Mar 31, 2026 context window AI basics LLM fundamentals beginners guide

The context window is your AI's short-term memory. It's not storage — it's a fixed-size desk. Everything the AI is thinking about right now must fit on this desk.

What Is a Context Window? The Simple Explanation Everyone Gets Wrong

Let’s Start Simple: The Desk Analogy

Imagine you’re sitting at a desk during an exam. Your desk has a fixed size — say, 3 feet by 2 feet. You can only spread out as many papers, notes, and reference sheets as physically fit on that desk. If you need to look at a new document but the desk is full, something has to come off.
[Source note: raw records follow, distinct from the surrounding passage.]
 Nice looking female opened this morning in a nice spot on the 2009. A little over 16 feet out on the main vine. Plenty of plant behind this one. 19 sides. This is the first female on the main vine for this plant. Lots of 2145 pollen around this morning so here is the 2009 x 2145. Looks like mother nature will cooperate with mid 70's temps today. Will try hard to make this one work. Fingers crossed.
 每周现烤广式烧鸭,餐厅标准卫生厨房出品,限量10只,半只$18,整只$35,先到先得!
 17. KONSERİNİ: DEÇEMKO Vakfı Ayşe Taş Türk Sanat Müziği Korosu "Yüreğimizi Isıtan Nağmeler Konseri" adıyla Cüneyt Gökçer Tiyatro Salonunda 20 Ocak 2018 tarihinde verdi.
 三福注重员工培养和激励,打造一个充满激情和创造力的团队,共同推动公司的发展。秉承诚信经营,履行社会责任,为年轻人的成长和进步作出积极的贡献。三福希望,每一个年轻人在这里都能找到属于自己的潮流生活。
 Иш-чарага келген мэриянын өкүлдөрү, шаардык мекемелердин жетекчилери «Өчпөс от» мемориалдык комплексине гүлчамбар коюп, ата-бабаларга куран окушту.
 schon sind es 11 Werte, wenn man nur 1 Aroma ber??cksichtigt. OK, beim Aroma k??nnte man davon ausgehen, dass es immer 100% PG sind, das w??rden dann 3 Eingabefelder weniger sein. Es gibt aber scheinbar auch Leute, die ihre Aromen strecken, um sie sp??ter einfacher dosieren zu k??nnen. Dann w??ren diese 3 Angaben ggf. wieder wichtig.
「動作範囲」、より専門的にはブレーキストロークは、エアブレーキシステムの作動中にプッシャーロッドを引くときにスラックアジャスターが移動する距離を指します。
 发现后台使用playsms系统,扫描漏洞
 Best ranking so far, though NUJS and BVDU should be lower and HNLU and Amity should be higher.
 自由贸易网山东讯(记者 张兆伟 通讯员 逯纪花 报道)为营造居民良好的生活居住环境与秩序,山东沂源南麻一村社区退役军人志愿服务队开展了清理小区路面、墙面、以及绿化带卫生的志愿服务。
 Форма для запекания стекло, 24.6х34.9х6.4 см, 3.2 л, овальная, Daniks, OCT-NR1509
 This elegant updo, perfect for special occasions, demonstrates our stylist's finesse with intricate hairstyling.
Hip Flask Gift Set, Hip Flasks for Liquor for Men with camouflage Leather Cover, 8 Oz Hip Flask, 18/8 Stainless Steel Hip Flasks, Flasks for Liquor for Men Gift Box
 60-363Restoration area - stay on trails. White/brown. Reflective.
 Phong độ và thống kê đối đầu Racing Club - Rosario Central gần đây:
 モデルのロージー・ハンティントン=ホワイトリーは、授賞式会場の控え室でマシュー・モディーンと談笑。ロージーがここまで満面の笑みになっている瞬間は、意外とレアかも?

That desk is the context window.

Every AI model — ChatGPT, Claude, Gemini — has a fixed-size desk. Everything the AI is “thinking about” at any moment must fit on that desk. Your messages, the AI’s responses, any files you’ve uploaded, any instructions it’s been given — all of it shares this one desk.

When people say a model has a “200K context window,” they mean the desk can hold 200,000 tokens at once. When they say “1M context window,” the desk holds 1,000,000 tokens.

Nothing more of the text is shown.